Output exactly, in the material below, the lines from the one with "HPLC chromatograms of" through the one with "Este conjunto da". Omit all pictures.

Data extract
--*--

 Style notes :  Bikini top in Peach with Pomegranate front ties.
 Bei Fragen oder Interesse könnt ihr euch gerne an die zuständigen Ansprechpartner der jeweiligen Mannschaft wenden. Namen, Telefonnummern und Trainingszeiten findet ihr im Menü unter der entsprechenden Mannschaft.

--*--

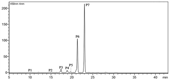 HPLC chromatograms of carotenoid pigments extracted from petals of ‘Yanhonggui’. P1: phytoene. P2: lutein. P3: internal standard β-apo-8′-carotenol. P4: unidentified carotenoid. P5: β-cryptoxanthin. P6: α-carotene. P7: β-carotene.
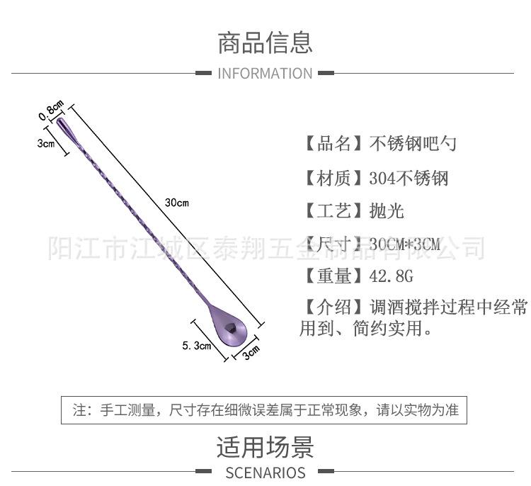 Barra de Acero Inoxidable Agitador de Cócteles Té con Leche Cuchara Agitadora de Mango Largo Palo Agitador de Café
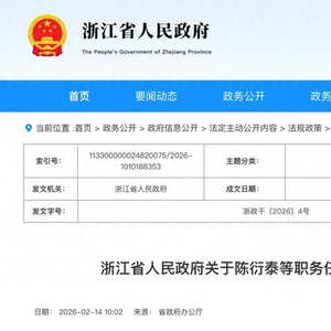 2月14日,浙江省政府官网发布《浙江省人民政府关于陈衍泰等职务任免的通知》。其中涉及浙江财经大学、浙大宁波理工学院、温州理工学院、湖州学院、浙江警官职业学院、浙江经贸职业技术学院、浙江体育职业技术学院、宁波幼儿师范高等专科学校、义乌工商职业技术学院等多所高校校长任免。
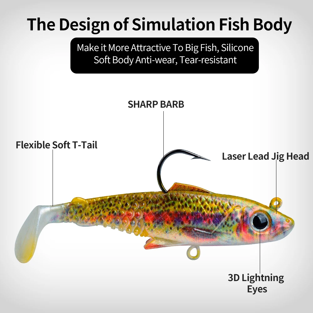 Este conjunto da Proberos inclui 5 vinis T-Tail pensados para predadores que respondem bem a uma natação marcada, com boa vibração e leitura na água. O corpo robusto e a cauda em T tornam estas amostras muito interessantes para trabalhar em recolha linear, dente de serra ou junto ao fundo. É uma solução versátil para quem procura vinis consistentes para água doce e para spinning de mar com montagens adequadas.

--*--

Solved exercise
 HPLC chromatograms of carotenoid pigments extracted from petals of ‘Yanhonggui’. P1: phytoene. P2: lutein. P3: internal standard β-apo-8′-carotenol. P4: unidentified carotenoid. P5: β-cryptoxanthin. P6: α-carotene. P7: β-carotene.
 Barra de Acero Inoxidable Agitador de Cócteles Té con Leche Cuchara Agitadora de Mango Largo Palo Agitador de Café
 2月14日,浙江省政府官网发布《浙江省人民政府关于陈衍泰等职务任免的通知》。其中涉及浙江财经大学、浙大宁波理工学院、温州理工学院、湖州学院、浙江警官职业学院、浙江经贸职业技术学院、浙江体育职业技术学院、宁波幼儿师范高等专科学校、义乌工商职业技术学院等多所高校校长任免。
 Este conjunto da Proberos inclui 5 vinis T-Tail pensados para predadores que respondem bem a uma natação marcada, com boa vibração e leitura na água. O corpo robusto e a cauda em T tornam estas amostras muito interessantes para trabalhar em recolha linear, dente de serra ou junto ao fundo. É uma solução versátil para quem procura vinis consistentes para água doce e para spinning de mar com montagens adequadas.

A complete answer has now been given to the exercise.